A privacy impact assessment is a process. The benefits to the organisation that conducts it arise mainly from that process, in the form of learning and adaptation, partly by the stakeholders, and partly by the organisation and the team responsible for the project.
There are, however, advantages in generating a final document towards the end of the PIA process. The purpose of this phase is to document the PIA process and the outcomes. The suggested deliverable is a PIA report.
The following tasks are suggested:
- Consolidate the decisions on avoidance and mitigation measures into a final version of the issues register and/ or privacy design features paper.
- Produce a PIA report.
- Make the PIA report available to the PCG.
- Publish the PIA report (withholding any security-sensitive information in confidential, or closed, appendices).

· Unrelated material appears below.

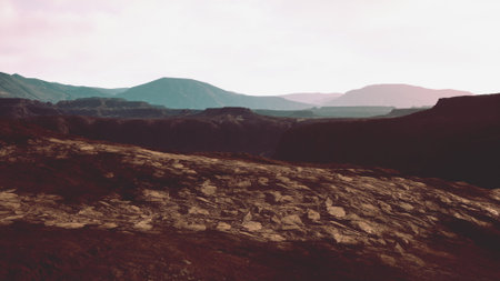 A vast volcanic terrain stretches out, showcasing rugged rock formations and gentle slopes. Distant mountains rise under a soft, glowing sky, creating a serene yet powerful atmosphere.

The reasons for preparation of a PIA report are:
- as an element of accountability, in order to demonstrate that the PIA process was performed appropriately;
- to provide a basis for post-implementation review;
- to provide a basis for audit;
- to provide corporate memory, ensuring that the experience gained during the project is available to those completeing new PIAs if original staff have left; and
- to enable the experience gained during the project to be shared with future PIA teams and others outside the organisation.
The following are key elements of a PIA report:
- A description of the project.
- An analysis of the privacy issues arising from it.
- The business case justifying privacy intrusion and its implications.
- Discussion of alternatives considered and the rationale for the decisions made.
- A description of the privacy design features adopted to reduce and avoid privacy intrusion and their implications of these design features.
- An analysis of the public acceptability of the scheme and its applications.
Possible sources for the content of the PIA report include:
- A summary of the consultative processes undertaken.
- Contact details of organisations and individuals with whom consultations were undertaken.
- The project background paper(s) provided to those consulted.
- The PIA project plan.
- The issues register and/ or privacy design features paper(s).
- References to relevant laws, codes and guidelines.
At a late stage, once the design has been checked for legal compliance, it may be appropriate to add the following as appendices to the PIA report:
- the Privacy law compliance study; and
- the Data Protection Act compliance study.
A PIA report should be written with the expectation that it will be published, or at least be widely distributed. If so, the report can fulfil the functions listed above: accountability, post-implementation review, audit, input into future iterations of the PIA, and background information for people conducting PIAs in the future.
Some of the information gathered during a PIA process may be subject to security or commercial sensitivities. In such cases, it may be appropriate for the detailed information to be in confidential, or closed, appendices. Such information suppression, however, needs to be limited to only that which is justified. Sufficient information needs to be included within the PIA report to ensure that the arguments and assessments are complete, informative and comprehensible.